====== Records for this task ======

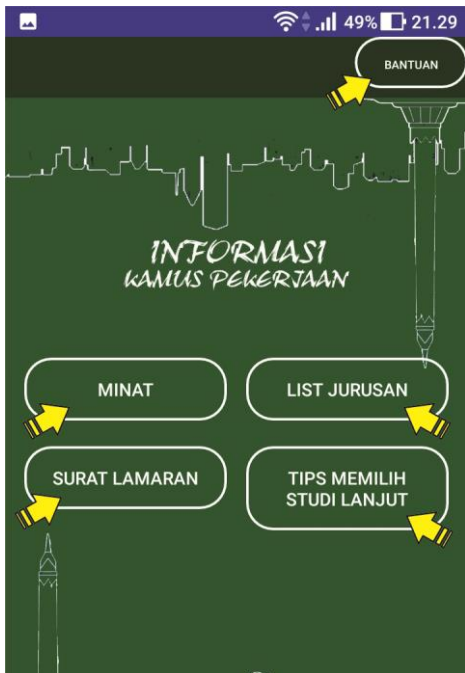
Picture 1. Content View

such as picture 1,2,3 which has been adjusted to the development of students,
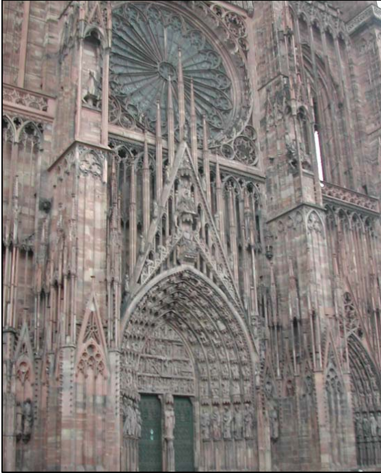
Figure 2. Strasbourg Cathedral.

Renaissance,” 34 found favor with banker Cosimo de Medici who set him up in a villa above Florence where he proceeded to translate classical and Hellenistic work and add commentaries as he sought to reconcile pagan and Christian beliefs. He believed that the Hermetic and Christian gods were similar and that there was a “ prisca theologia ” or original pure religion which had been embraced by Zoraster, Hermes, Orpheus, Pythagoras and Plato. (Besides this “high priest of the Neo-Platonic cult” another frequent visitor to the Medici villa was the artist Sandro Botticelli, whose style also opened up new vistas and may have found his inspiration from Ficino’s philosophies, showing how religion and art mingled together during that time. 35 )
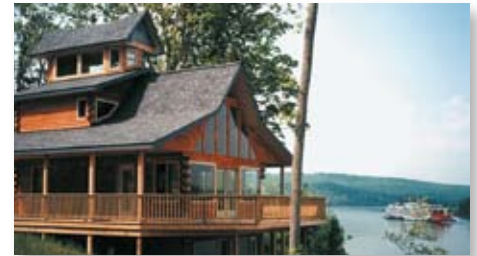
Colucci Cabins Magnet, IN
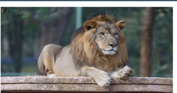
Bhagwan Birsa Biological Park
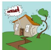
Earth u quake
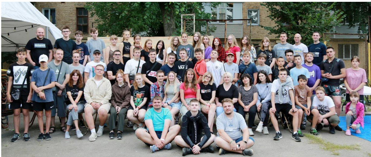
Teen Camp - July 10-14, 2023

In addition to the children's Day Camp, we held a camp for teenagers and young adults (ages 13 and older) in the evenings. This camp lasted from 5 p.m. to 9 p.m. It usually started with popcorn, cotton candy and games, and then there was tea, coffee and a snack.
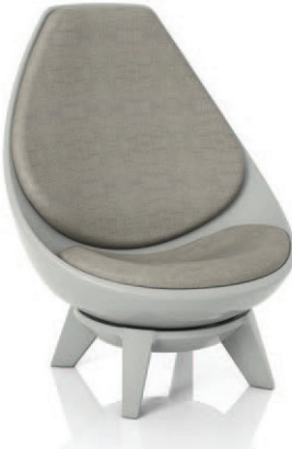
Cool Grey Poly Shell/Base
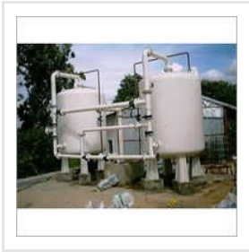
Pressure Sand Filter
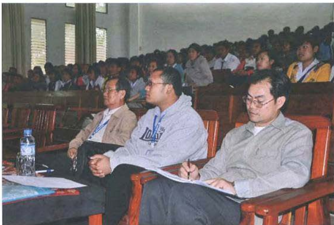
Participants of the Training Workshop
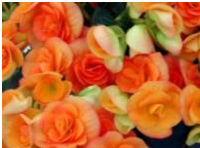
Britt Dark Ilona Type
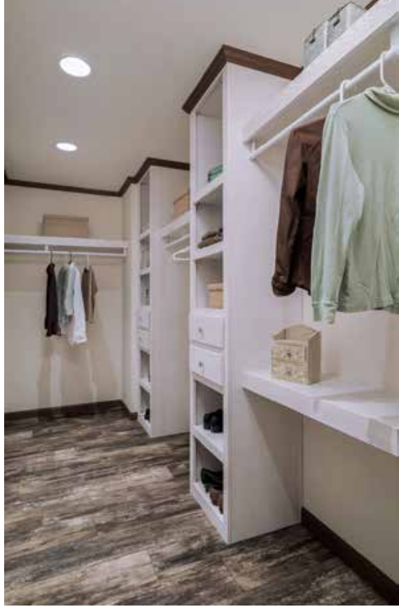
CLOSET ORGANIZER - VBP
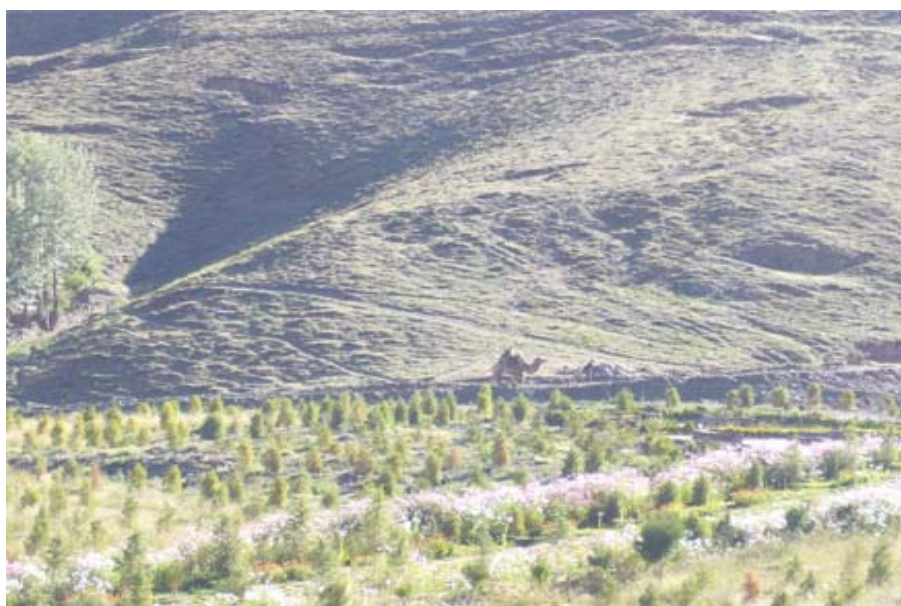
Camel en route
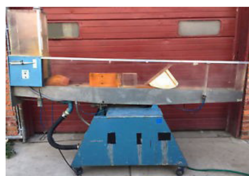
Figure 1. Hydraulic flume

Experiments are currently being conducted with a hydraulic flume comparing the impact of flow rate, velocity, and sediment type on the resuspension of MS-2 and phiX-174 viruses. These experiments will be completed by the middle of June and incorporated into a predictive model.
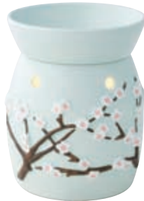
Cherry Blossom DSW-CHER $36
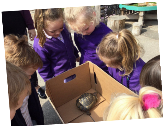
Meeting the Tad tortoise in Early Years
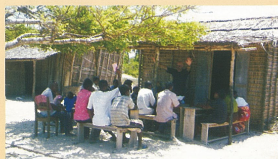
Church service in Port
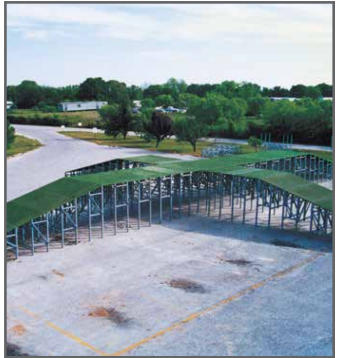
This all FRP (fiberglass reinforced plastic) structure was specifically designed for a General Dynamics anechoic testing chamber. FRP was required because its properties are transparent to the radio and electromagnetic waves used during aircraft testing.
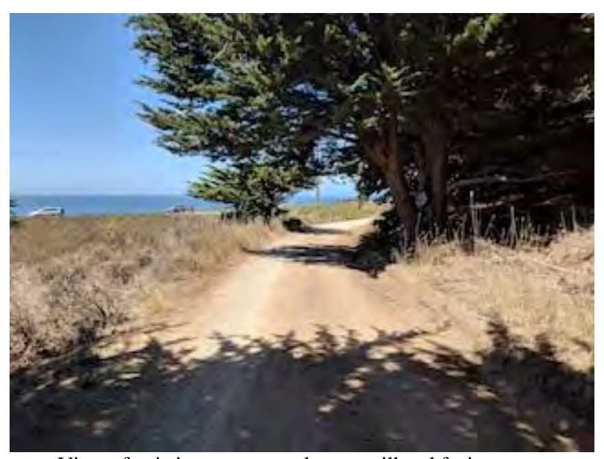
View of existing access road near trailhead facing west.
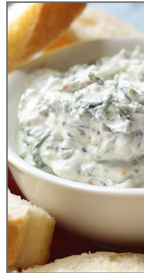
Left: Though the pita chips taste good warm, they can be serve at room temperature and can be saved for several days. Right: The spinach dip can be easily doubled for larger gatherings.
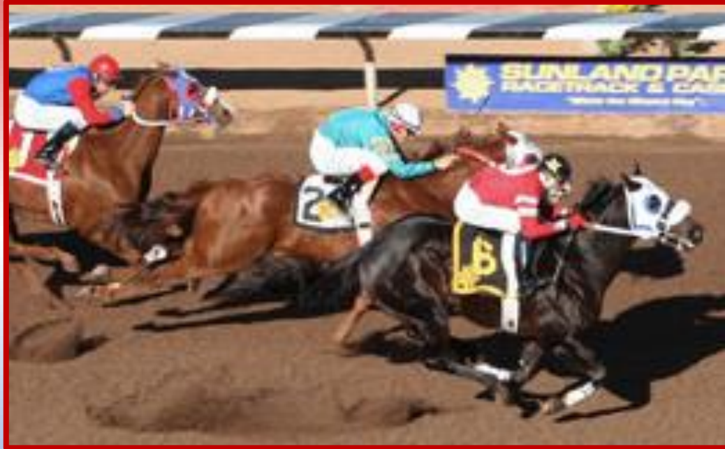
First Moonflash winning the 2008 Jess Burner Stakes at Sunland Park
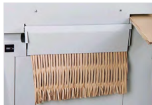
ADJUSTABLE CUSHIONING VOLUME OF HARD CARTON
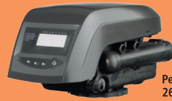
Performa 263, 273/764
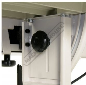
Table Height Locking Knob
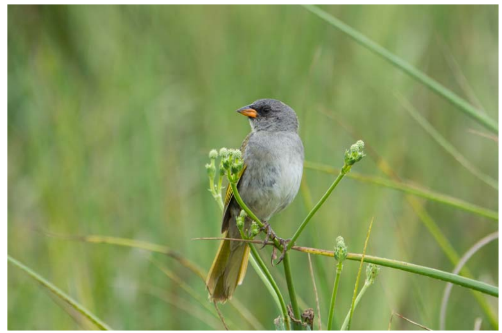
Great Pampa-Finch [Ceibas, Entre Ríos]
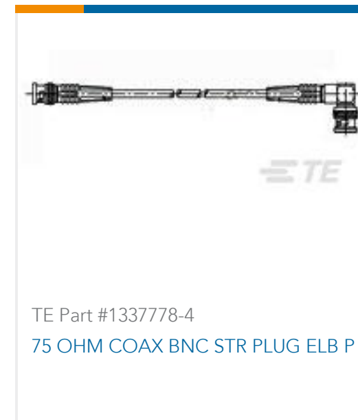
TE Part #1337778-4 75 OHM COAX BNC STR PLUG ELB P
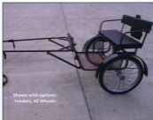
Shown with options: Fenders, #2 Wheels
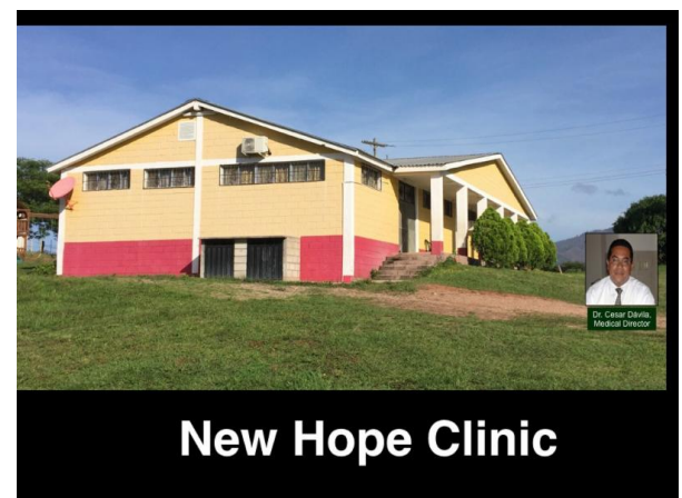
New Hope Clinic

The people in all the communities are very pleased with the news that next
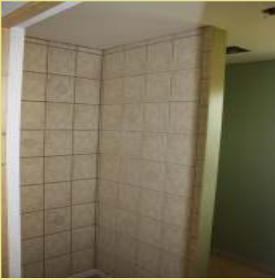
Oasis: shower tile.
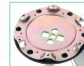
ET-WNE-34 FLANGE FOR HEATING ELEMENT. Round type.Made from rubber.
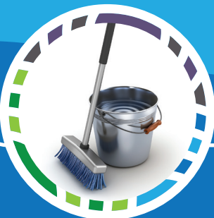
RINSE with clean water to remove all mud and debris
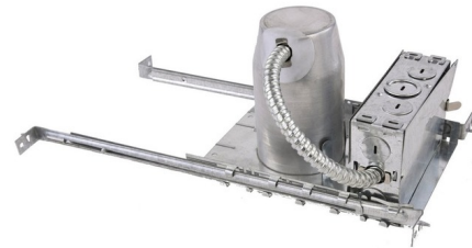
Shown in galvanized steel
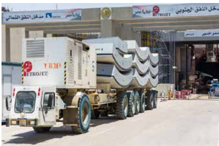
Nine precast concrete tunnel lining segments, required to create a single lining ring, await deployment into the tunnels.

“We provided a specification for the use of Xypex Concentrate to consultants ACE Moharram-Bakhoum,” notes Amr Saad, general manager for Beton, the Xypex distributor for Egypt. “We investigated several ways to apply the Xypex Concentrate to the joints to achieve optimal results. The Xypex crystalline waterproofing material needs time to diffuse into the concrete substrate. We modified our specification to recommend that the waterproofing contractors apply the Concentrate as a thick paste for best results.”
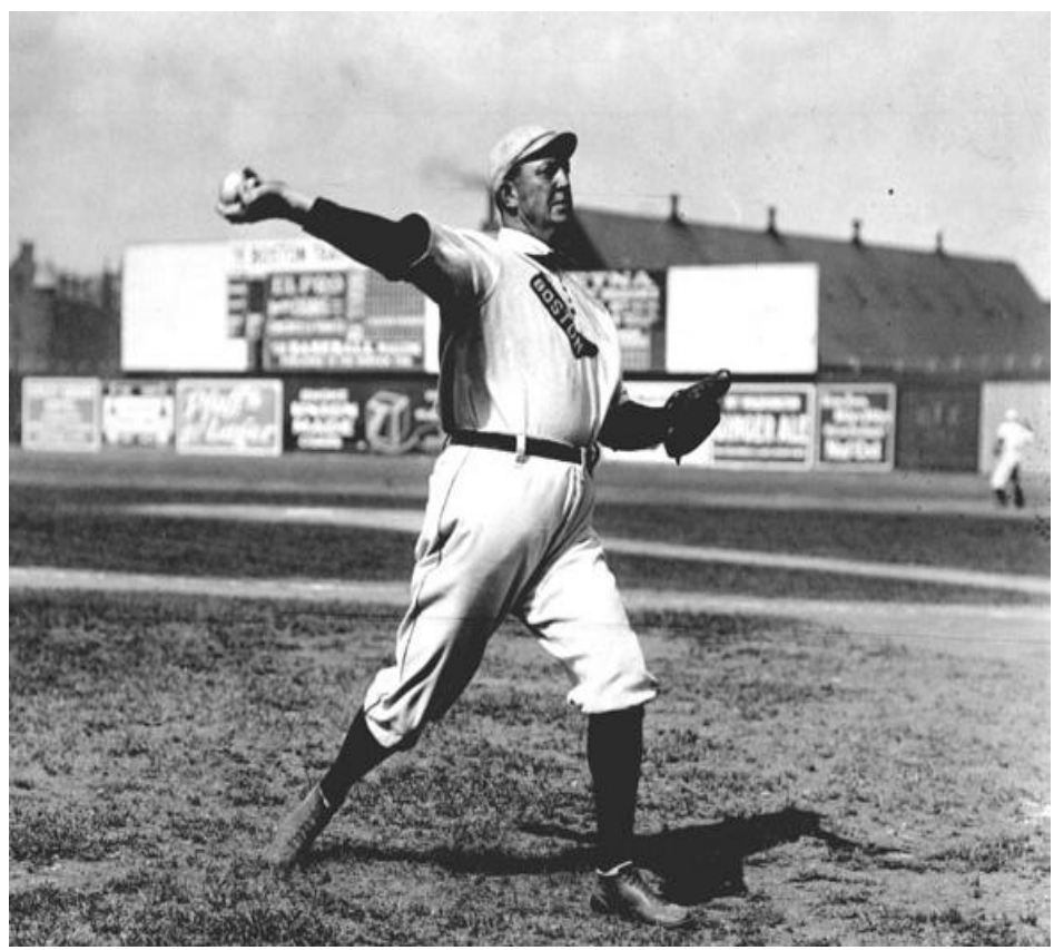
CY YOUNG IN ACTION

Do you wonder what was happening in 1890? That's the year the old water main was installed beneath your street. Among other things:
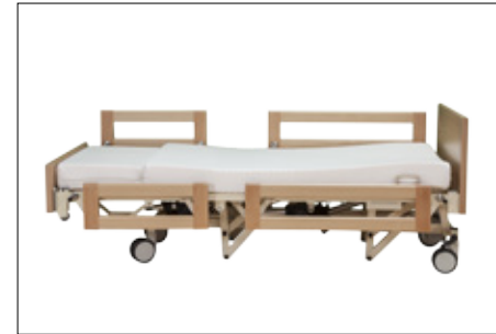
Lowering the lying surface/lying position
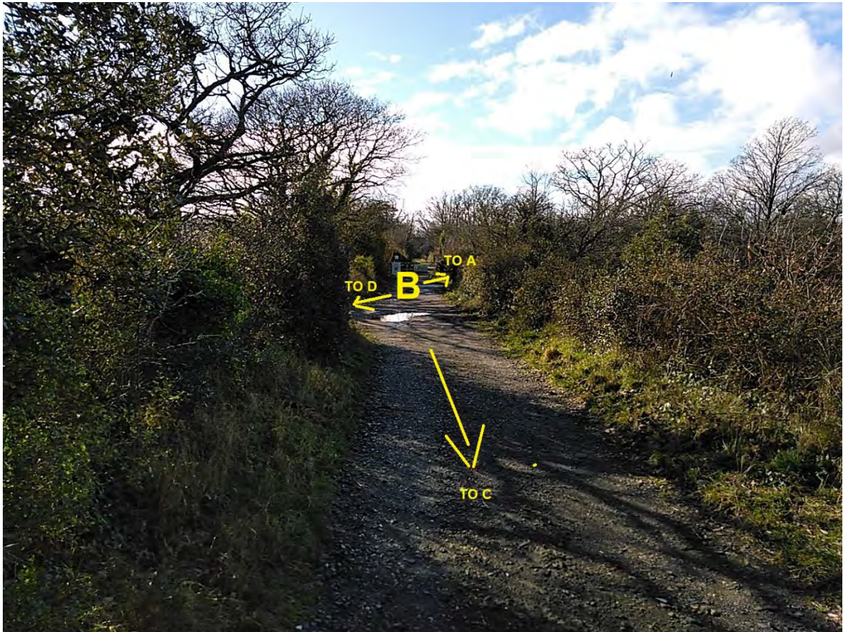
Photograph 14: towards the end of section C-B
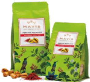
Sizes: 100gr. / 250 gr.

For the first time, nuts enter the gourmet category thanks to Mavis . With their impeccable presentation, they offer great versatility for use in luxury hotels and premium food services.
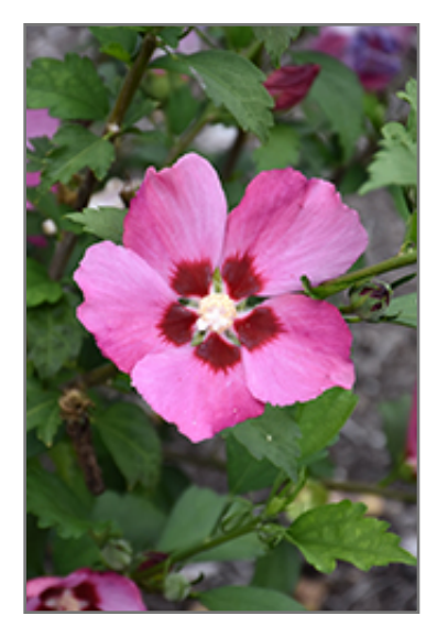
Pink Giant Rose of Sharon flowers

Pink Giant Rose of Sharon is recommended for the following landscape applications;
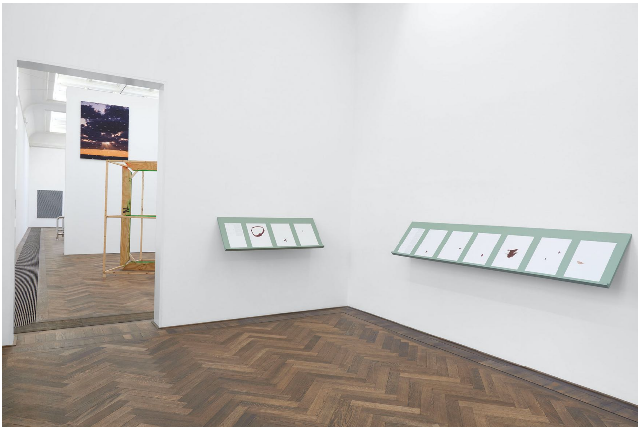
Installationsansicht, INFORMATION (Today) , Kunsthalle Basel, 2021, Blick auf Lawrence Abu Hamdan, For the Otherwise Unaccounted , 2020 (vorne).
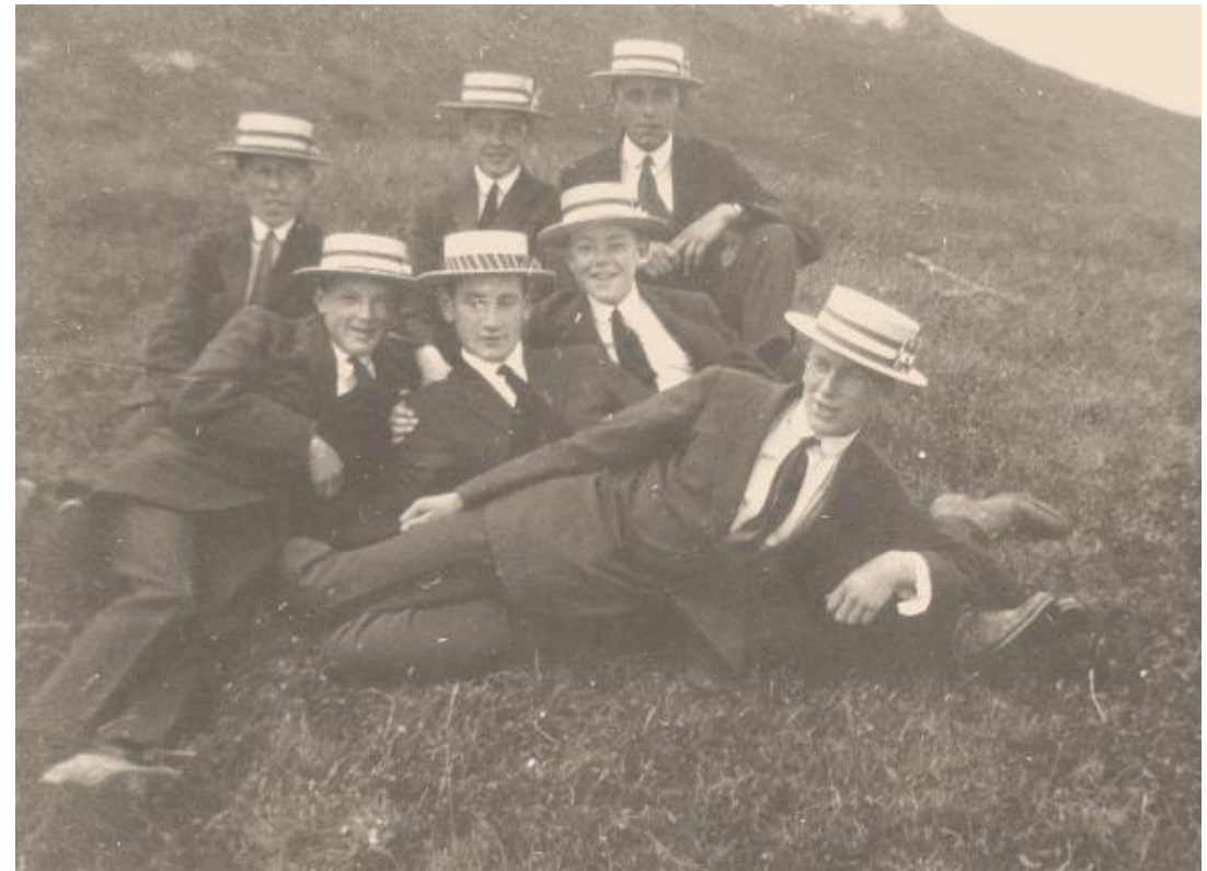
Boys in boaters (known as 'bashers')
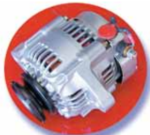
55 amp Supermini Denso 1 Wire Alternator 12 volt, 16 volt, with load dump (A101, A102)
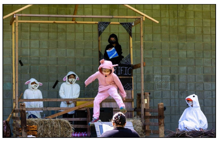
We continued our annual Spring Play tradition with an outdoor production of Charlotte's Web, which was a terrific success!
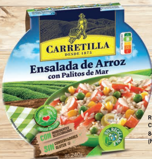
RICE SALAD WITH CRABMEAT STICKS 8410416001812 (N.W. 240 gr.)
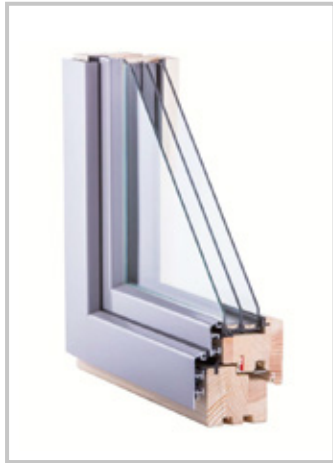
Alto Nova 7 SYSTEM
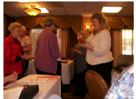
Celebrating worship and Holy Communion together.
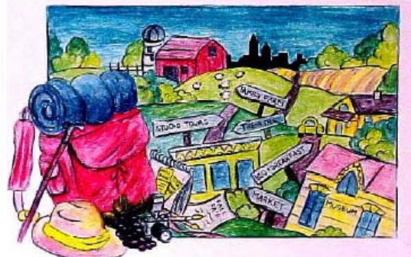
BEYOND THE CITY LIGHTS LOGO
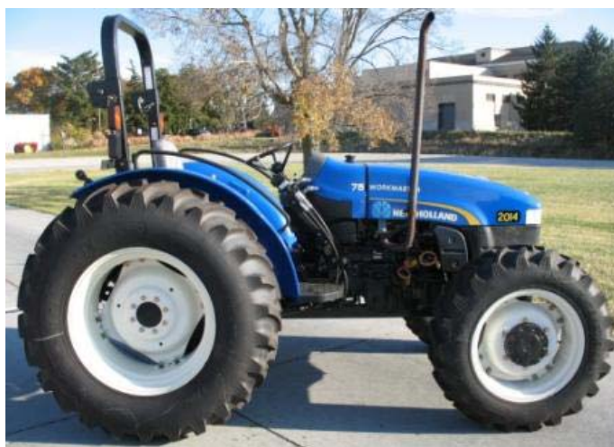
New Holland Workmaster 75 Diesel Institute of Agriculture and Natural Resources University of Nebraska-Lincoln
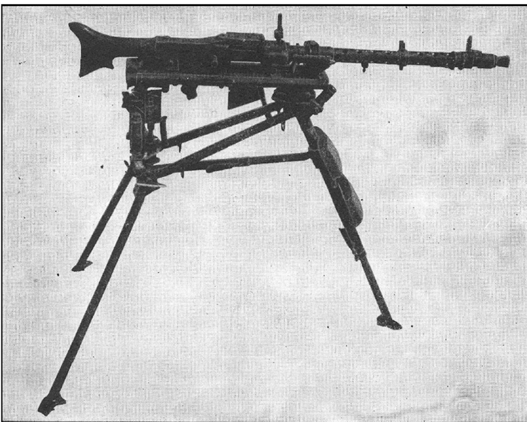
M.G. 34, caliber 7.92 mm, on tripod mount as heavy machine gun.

======

- [Your objective]: Look through the entries above and report each line where the string "Giant" occurs.

- [Result of the exercise]:
Pink Giant Rose of Sharon flowers
Pink Giant Rose of Sharon is recommended for the following landscape applications;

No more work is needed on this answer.